Before introducing the optimized approach, let us review some very fundamentals.

We are currently working with a double array of integers.

In Java, the size of an integer is 32 bits, thus 4 bytes. The size of a reference is 64 bits, thus 8 bytes.

The total data storage we require, for a matrix of dimension 1 << n (bit-style for 2^n), is at least

(2^n * 8) + 2^n * (2^n * 4) ~>~ 2^(2n + 2)

For scale, 1 giga-byte is about 1 << 30 . On the computer I’m using right now, it remains a bit less than 2 giga-bytes (no comment).
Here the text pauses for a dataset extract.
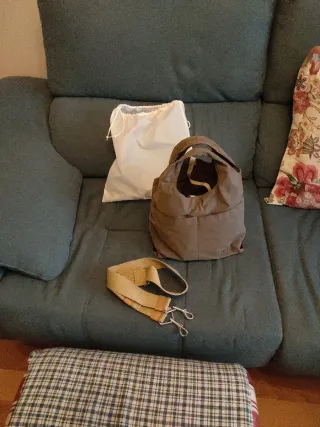 Lote de dos bolsos, uno marrón y otro gris, ambos con signos de uso. Se incluye un tercer bolso de regalo. - Bolso marrón con detalles de hebillas. - Bolso gris con cierre de cremallera y detalle de correa. 4€ los dos. Entrega en mano.

Therefore, I should go out of memory as soon as 2n + 2 > 30 , hence near n = 14 … and indeed, going beyond that point fails dramatically in a OutOfMemoryError , below or same is ok.

But RAM size is not the only crucial point I should take into account. Looking at my computer through the Windows Tasks Manager, I see my Level 1 CPU cache is 256 kilo-bytes. This is about 1 << 18bytes.
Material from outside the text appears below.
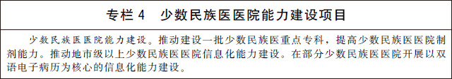 3.發(fā)展少數(shù)民族醫(yī)藥。加強(qiáng)少數(shù)民族醫(yī)醫(yī)療機(jī)構(gòu)建設(shè),提高民族地區(qū)基層醫(yī)療衛(wèi)生機(jī)構(gòu)少數(shù)民族醫(yī)藥服務(wù)能力。改善少數(shù)民族醫(yī)醫(yī)院基礎(chǔ)設(shè)施條件,加強(qiáng)少數(shù)民族醫(yī)醫(yī)院??颇芰?、制劑能力和信息化能力建設(shè)。建立符合少數(shù)民族醫(yī)醫(yī)療機(jī)構(gòu)自身特點(diǎn)和發(fā)展規(guī)律的績(jī)效評(píng)價(jià)指標(biāo)體系。加大少數(shù)民族醫(yī)藥防治重大疾病和優(yōu)勢(shì)病種研究力度,有效傳承特色診療技術(shù)和方法。鼓勵(lì)和扶持少數(shù)民族醫(yī)藥院校教育、師承教育和繼續(xù)教育。加大對(duì)少數(shù)民族醫(yī)藥的傳承保護(hù)力度,持續(xù)開展少數(shù)民族醫(yī)藥文獻(xiàn)搶救整理工作,推動(dòng)理論創(chuàng)新和技術(shù)創(chuàng)新。

It is also interesting to know that usually, the L1 cache is split in two: half for storing instructions, the other half for storing data. The amount of integers my cache can thus handled is about 1 << (7+8) (the size divided by two (because of the split) and divided again by four (because of the size of int)).

Mechanical sympathy: impact

The above background about my hardware stresses several facts.
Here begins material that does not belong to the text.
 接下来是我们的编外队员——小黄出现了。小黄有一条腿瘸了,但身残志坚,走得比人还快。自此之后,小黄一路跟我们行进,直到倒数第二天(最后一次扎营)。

Data are stored in the heap, and accessing the RAM is about 50 CPU cycles (fast). Local variables like the ones I use in the algorithm are likely to be stored in registers, whose access is about 1 cycle (cheap). On the other hand, accessing the L1 cache is about 5 cycles (super fact). So I really should try to make the CPU put as much as possible in that place.

It is important to know that when my CPU is working, it tries to foresee what are the data to be used in the forthcoming instructions. The data access pattern in my implementation is quite predictable. A naive judgement (that I had at first glance, I must confess) could consider it as “cache friendly”, because my CPU should be able to easily foresee what are the data to be fetched in cache.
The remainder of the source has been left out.